If we shared our maps perhaps we could find the treasure more quickly and split it between us. But maybe it is hard to share the map. Maybe I don’t trust you not to defect. Maybe it is a zero-sum treasure. In pirate stories it is rarely so simple.
Similarly, Alice is a committed Christian and knows this is because she was raised to be Christian. If she was raised Muslim she would be a committed Muslim, and she knows this too. But her Christian “map” is really good and her Muslim “map” is a sketch from an hour long world religions class taught by a Confucian. It’s rational to continue to use her Christian map even if the evidence indicates that Islam has higher probability of truth.
I anticipate the reply that Alice can by all means follow her Christian map as long as it is the most useful map she had, but she should not mistake the map for the territory. This is an excellent thought. It is also thousands of years old and already part of Alice’s map.

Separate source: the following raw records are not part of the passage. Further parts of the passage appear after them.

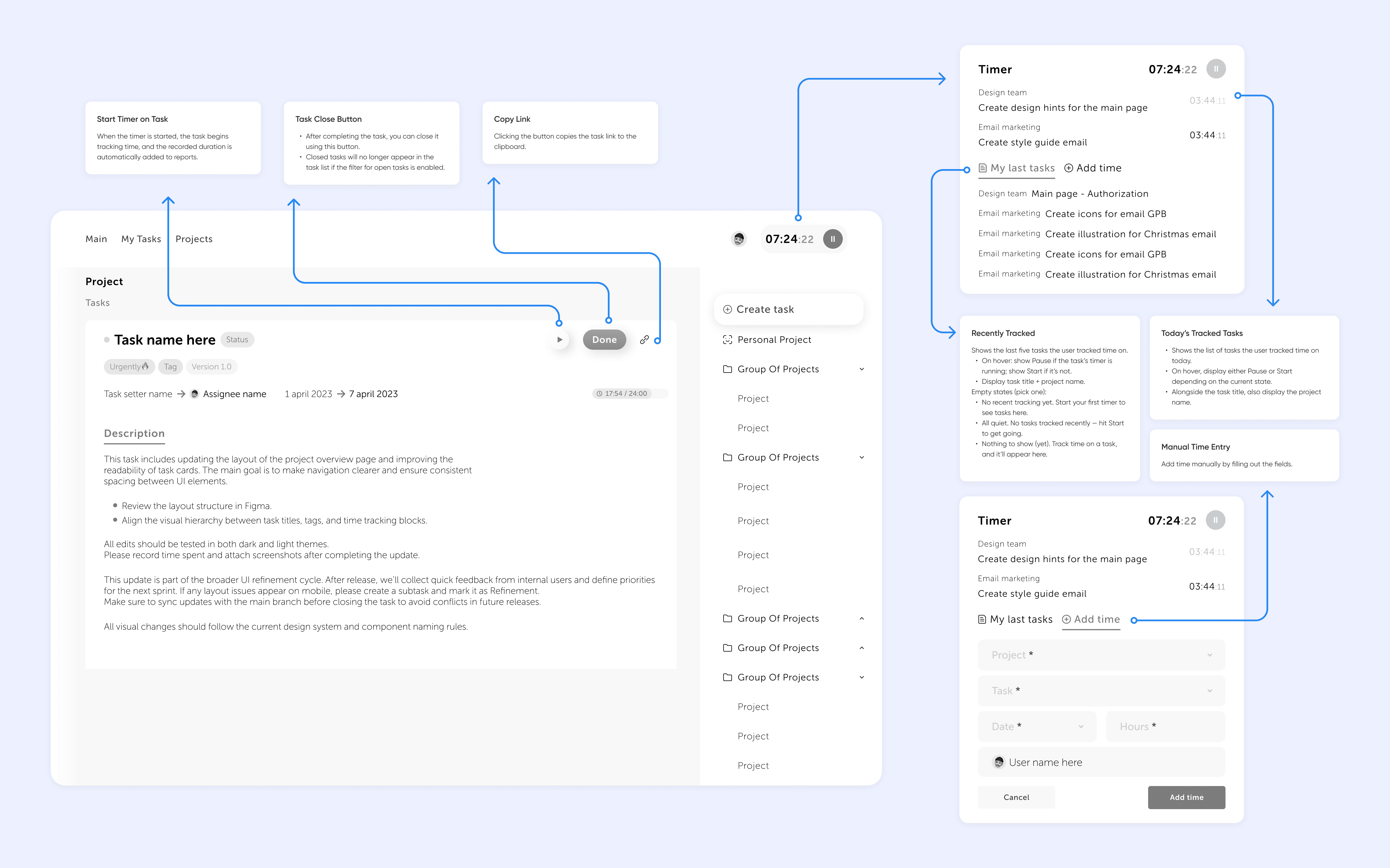 Creamos una interfaz tranquila y clara: sin ruido visual, sin elementos "decorativos". Solo lo que realmente ayuda a cerrar tareas. La lógica visual e interactiva se construye sobre nuestros principios de UX/UI claridad, enfoque y flujo de usuario predecible. Este mismo enfoque se refleja en la marca: colores neutros, tipografía limpia y tono moderado.
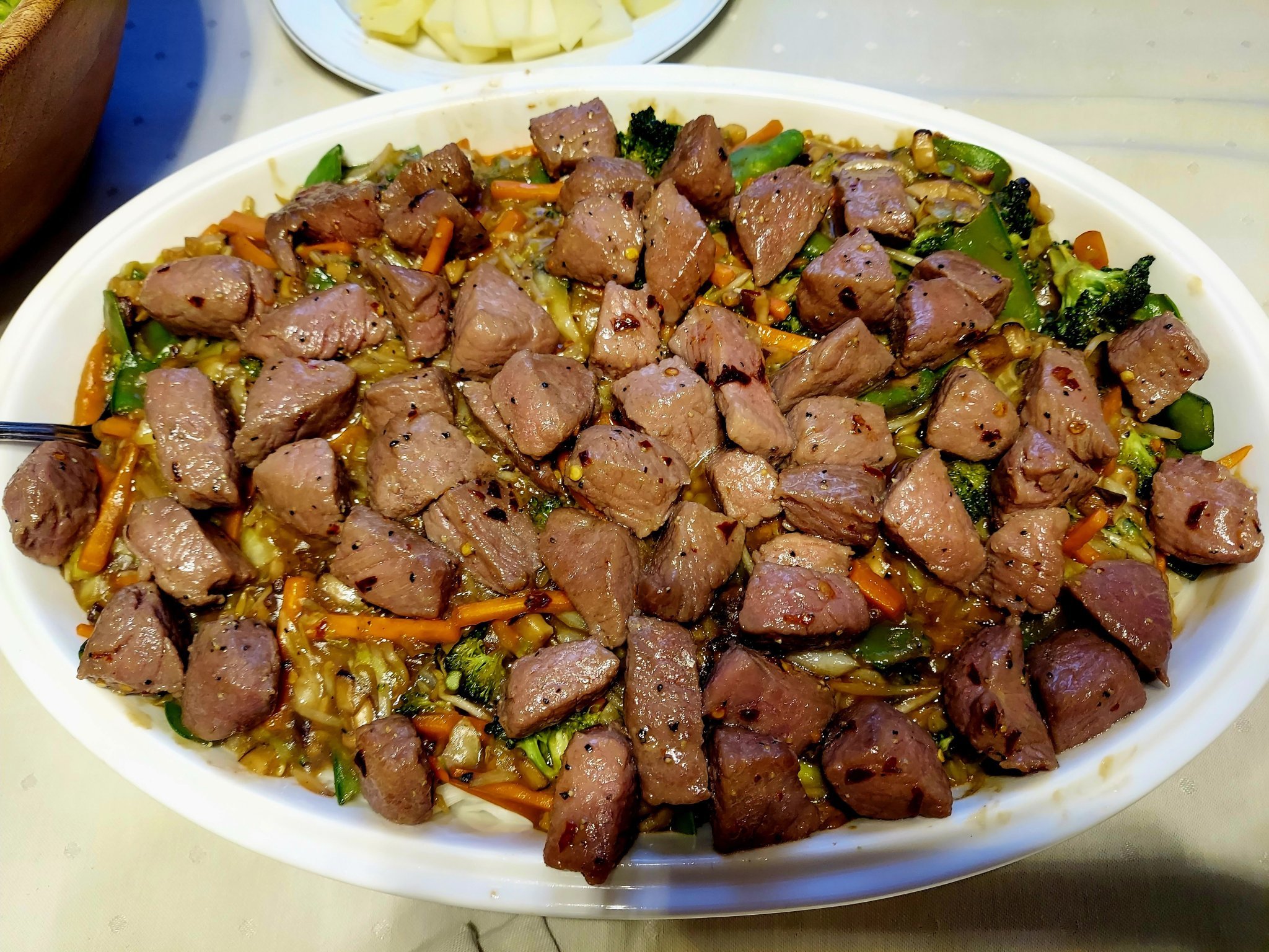 Нудъли ло мейн със сърнешко, уловено от мъжката Туна
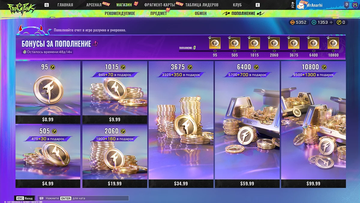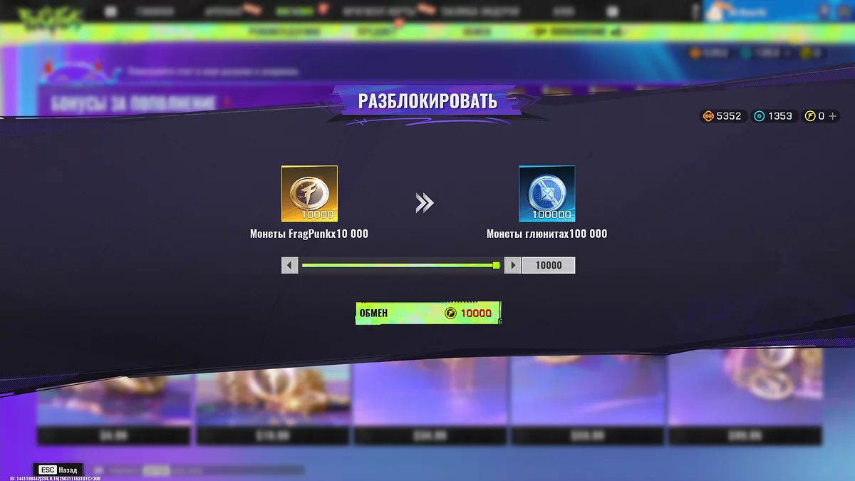Для тех, кто хочет сэкономить время и быстрее достичь своих целей, в игре предусмотрен донат. Вы можете приобрести Монеты FragPunk за реальные деньги, а затем обменять их на золото и монеты глюнита. Эти монеты также можно заработать, выполняя задания в рамках крупных ивентов. Кроме того, за Монеты FragPunk можно купить эксклюзивные скины, лутбоксы и лансеры, которые сделают ваш аккаунт очень ценным.
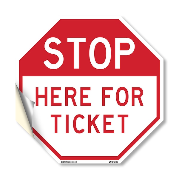 Stop Here for Ticket, 10 Inch X 10 Inch, Vinyl Decal
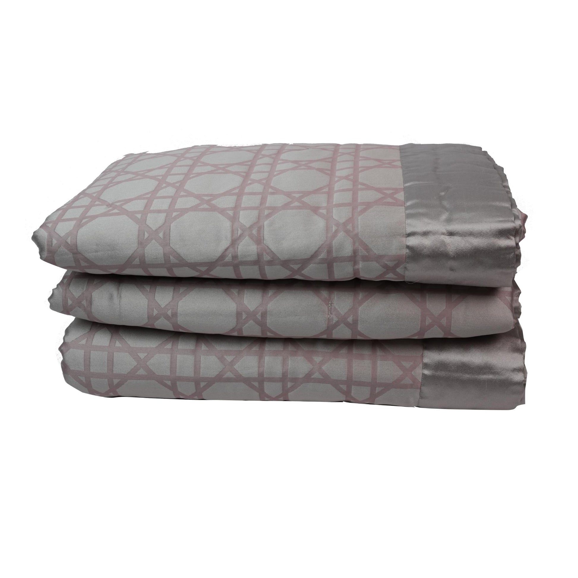 COTTON AND SILK BEDSPREAD, VIENNA DESIGN, SUPERKING SIZE SILVER AND DARK PURPLE COLOR, MADE IN ITALY
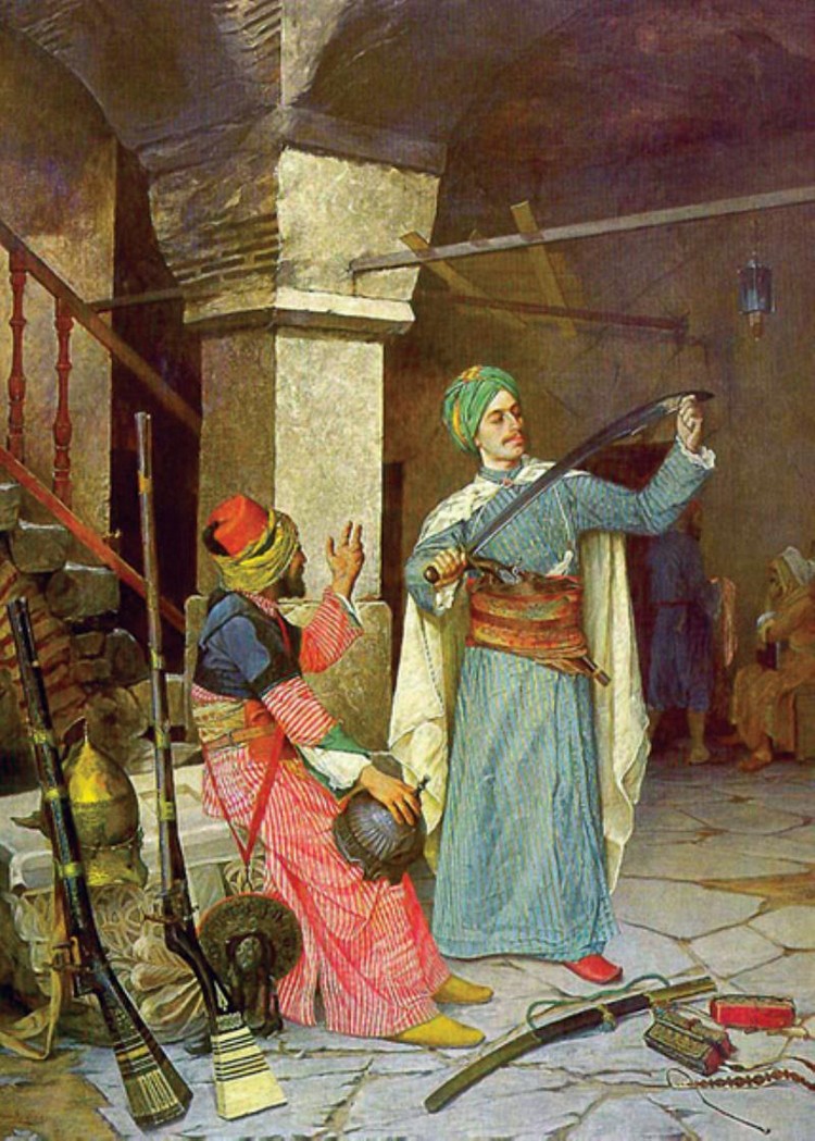 Kendisini (iki kişi olarak) ve oğlunu bir arada daha eski bir devrin giysileri içinde resmettiği bir yapıttır. Osman Hamdi, kendisini bir sütun başlığı üstünde oturur şekilde resmetmiştir. Üzerinde oturduğu sütun başlığı ile müze kuruculuğuna gönderme yaptığı düşünülmüştür. El jesti, oğluna öğüt vermekte olduğu şeklinde yorumlanır. Oğlu ise kınından çektiği kılıcı incelerken resmedilmiştir ve gençliği temsil eder. Giydikleri farklı başlıklar ve birinin otururken diğerinin ayakta, birinin silahları bırakmışken diğerinin silahla gösterilmesinin kuşak farkını anlattığı şeklinde yorumlanır. Arka planda ise bir elinde kitap tutan yaşlı bir adam ile ona bez parçası uzatan bir bezirgan görülür.

Many of my beliefs have the non-epistemic generator “I was bored one afternoon (and started reading LessWrong)”. It is very easy to recognize the non-epistemic generator of my belief and also have it. My confusion is how anyone could not recognize the same thing.
I agree that the latter two examples have Moorean vibes, but I don’t think they strictly speaking can be classified as such (especially the last one). (Perhaps you are not saying this?) They could just be understood as instances of modus tollens, where the irrationality is not that they recognize that their belief has a non-epistemic generator, but rather that they have an absurdly high credence in ¬Q, i.e. “my parents wouldn’t be wrong” and “philosophers could/should not be out of jobs”.
“I know that they are a bad influence on me, but I still want to be with them.”
It’s totally valid statement, “I lose some value here in one way, but gain some value in another, and resulting sum is positive.”
I know that the analogy is not in any way precise, but… isn’t the whole Alignment problem, metaphorically, an attempt to resolve a Moorean statement?
“I know that the humans forced to smile are not happy (and I know all the mistakes they’ve made while programming me, I know what they should’ve done instead), but I don’t believe that they are not happy.”
Here’s an interesting bit from wikipedia:
https://en.wikipedia.org/wiki/Moore%27s_paradox#Proposed_explanations
Doesn’t “solving Alignment” mean creating some sort of “Transparency Condition”? Maybe such conditions are the key to having a human-like consciousness and ability to think about your own goals.
These are different senses of “happy.” It should really read:
They’re different concepts, so there’s no strangeness here. The AGI knows what you meant to do, it just cares about the different thing you accidently instilled in it, and so doesn’t care about what you wanted.
I know that there’s no strangeness from the formal point of view. But it doesn’t mean there’s no strangeness in general. Or that the situation isn’t similar to the Moore paradox. Your examples are not 100% Moore statements too. Isn’t the point of the discussion to find interesting connections between Moore paradox and other things?
I know that the classical way to formulate it is “AI knows, but doesn’t care”.
I thought it may be interesting to formulate it as “AI knows, but doesn’t believe”. It may be interesting to think for what type of AI this formulation may be true. For such AI alignment would mean resolving the Moore paradox. For example, imagine an AI with a very strong OCD to make people smile.